- The cover of the first DVD compilation released by Viz Media, which was nominated for best package design at the American Anime Awards, featuring Ichigo Kurosaki.
- No. of episodes: 20

Release
- Original network: TV Tokyo
- Original release: October 5, 2004 – February 22, 2005

Season chronology
- Next → Season 2

= Bleach season 1 =

Season of television series

The Substitute Shinigami arc (死神代行篇, Shinigami Daikō-hen) is the first season of the Bleach anime television series. The episodes are directed by Noriyuki Abe, and produced by TV Tokyo, Dentsu, and Studio Pierrot. In the English release by Viz Media, the title is changed to simply The Substitute. The season adapts the first eight volumes (chapters 1–70) of Tite Kubo's Bleach manga series, spanning twenty episodes. The episodes' plot covers the adventures of a high school student Ichigo Kurosaki after becoming a Soul Reaper and assuming the duties of Soul Reaper Rukia Kuchiki.

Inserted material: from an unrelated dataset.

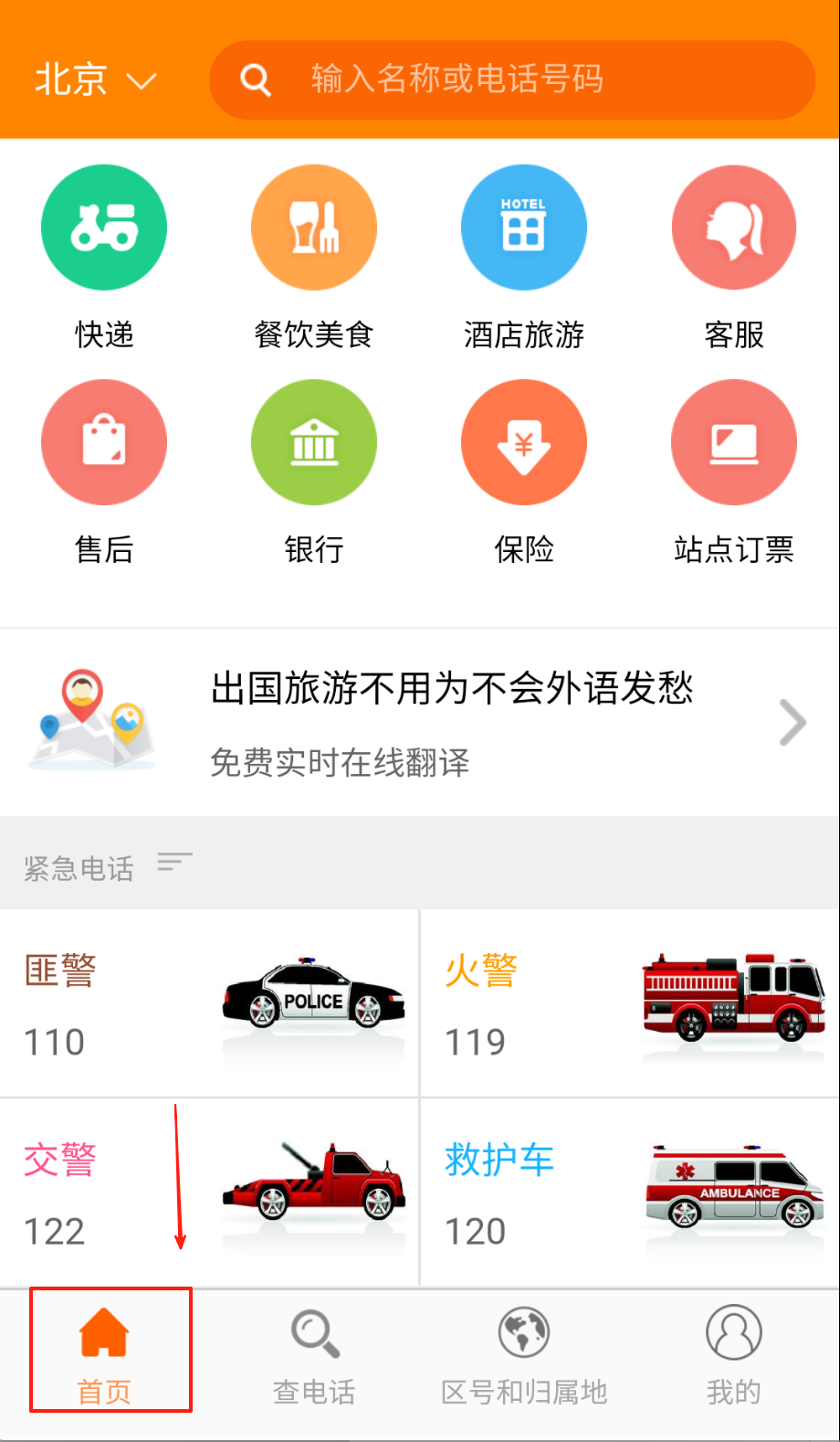 1、首页输入医院或银行等关键词,区域筛选器勾选本地或异地范围,紧急类电话带红色标识优先展示呢。

The first season aired from October 2004 to February 2005 on TV Tokyo. The first English airing of the series was from September 2006 to January 2007. It was shown on YTV's Bionix programming block in Canada and Cartoon Network's Adult Swim in the United States, with Bionix airing the show one day sooner. The arc started airing in the United Kingdom starting in September 2007 on AnimeCentral.

The episodes use three pieces of theme music: one opening theme and two ending themes. The opening theme is Orange Range's single "Asterisk". The ending theme for the first thirteen episodes is "Life is Like a Boat" by Rie Fu, while the remaining seven used "Thank You!!" by Home Made Kazoku.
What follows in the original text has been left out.